JERUSALEM (REUTERS)–Israel looked set to step up a crackdown on Palestinian militants Monday after Prime Minister Ariel Sharon promised “an uncompromising war” to crush a “terror” campaign he said was directed by Yasser Arafat.
Sharon’s tough message in a televised address followed a day of escalating violence in which a suicide bomber killed 15 people and Arafat’s guards battled Israeli troops besieging the Palestinian president’s West Bank headquarters in Ramallah.
Violence raged on despite an Easter Sunday appeal for peace by Pope John Paul and a call by the United Nations for Israel to withdraw its troops from Ramallah and other West Bank cities.
The spate of suicide bombings and the confrontation in Ramallah fanned fears of bloodier clashes after 18 months of violence in the Palestinian uprising against Israeli occupation in the West Bank and Gaza Strip.
“Citizens of Israel: the state of Israel is at war, a war against terror,” Sharon said in a televised address Sunday.
“We must fight this terrorism in an uncompromising war to uproot these savages, to dismantle their infrastructure, because there is no compromise with terrorists,” Sharon continued.
“This terrorism is activated, coordinated and directed by one man … Yasser Arafat,” he said, calling Arafat “the enemy of the free world.”

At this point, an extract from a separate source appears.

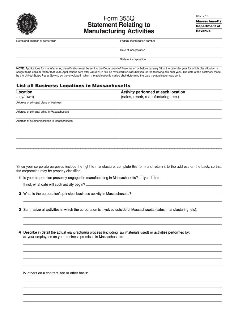 How to use the Form 355Q Statement Relating To Manufacturing Activities Mass Gov

Arafat has been under siege since the Israeli government declared him an “enemy” Friday and sent tanks to his headquarters, saying it intended to isolate him after a series of Palestinian suicide bombings against Israelis.
ISRAEL TIGHTENS RING
Arafat remained defiant Sunday as Israeli troops battled his guards and tightened their ring round his headquarters.
Witnesses said at least two people were killed and six of Arafat’s guards wounded in Ramallah. Scores of Palestinians were arrested in the city.
Late Sunday, about 100 Israeli tanks and other armored vehicles thrust into the West Bank town of Qalqilya and took it over, Palestinian sources and residents said.
They said troops cut off the town’s electricity and water supplies before they moved in. Residents said they could hear explosions from occasional shelling and heavy machinegun fire.
Along with tough words, Sharon said a cease-fire would be possible once the campaign against the Palestinians had been completed.
In an interview for broadcast on CBS TV’s “60 Minutes,” Sharon also said he would take part if the United States called a Middle East peace meeting with Arab leaders.
Leading Palestinians rejected Sharon’s comments.
“This is Sharon’s style, nothing new and nothing surprising. But by claiming he will extend his hand for peace after he completes his mission, Sharon is only making a silly joke,” said Palestinian Information Minister Yasser Abed Rabbo.
Sharon spoke after further deadly attacks by Palestinian suicide bombers Sunday, bringing the number of such attacks to five since the Jewish Passover holiday began last Wednesday.
Fifteen people eating at a restaurant run by Israeli Arabs in the northern port city of Haifa were killed and 40 people wounded when a Palestinian suicide bomber blew himself up. The blast tore off the roof and spewed debris over a car park.
SECOND ATTACK
Paul Drimmer, a 52-year-old manager injured in the blast, said the wave of bombings had to stop. “I don’t know how to stop it, but it must be stopped, whatever it costs,” he said.
The Palestinian Islamic militant group Hamas said a 22-year-old resident of a refugee camp in the northern West Bank town of Jenin carried out the attack on its behalf to avenge the Israeli attacks on Ramallah and elsewhere.
A second suicide attack wounded six people at a Jewish settlement in the West Bank.
With world attention focused on the besieged Arafat, elite Israeli soldiers went house to house in the twin towns of Ramallah and al-Bireh, searching for Palestinian militants.
“They entered the house pointing their rifles at us,” said Leila al-Jdaili, 40, standing in a ransacked apartment.
In one building, the bullet-riddled bodies of two young Palestinian men lay in a pool of blood in the stairwell. They were shot by Israeli snipers, local residents said.
The Israeli army declared Ramallah a closed military zone and said non-residents, including foreign journalists, would be removed by force if necessary.
The pope’s Easter appeal for peace fell on deaf ears. “It seems that war has been declared on peace,” he said in his message, calling for an end to the “dramatic spiral of abuse of power and killings that bloody the Holy Land.”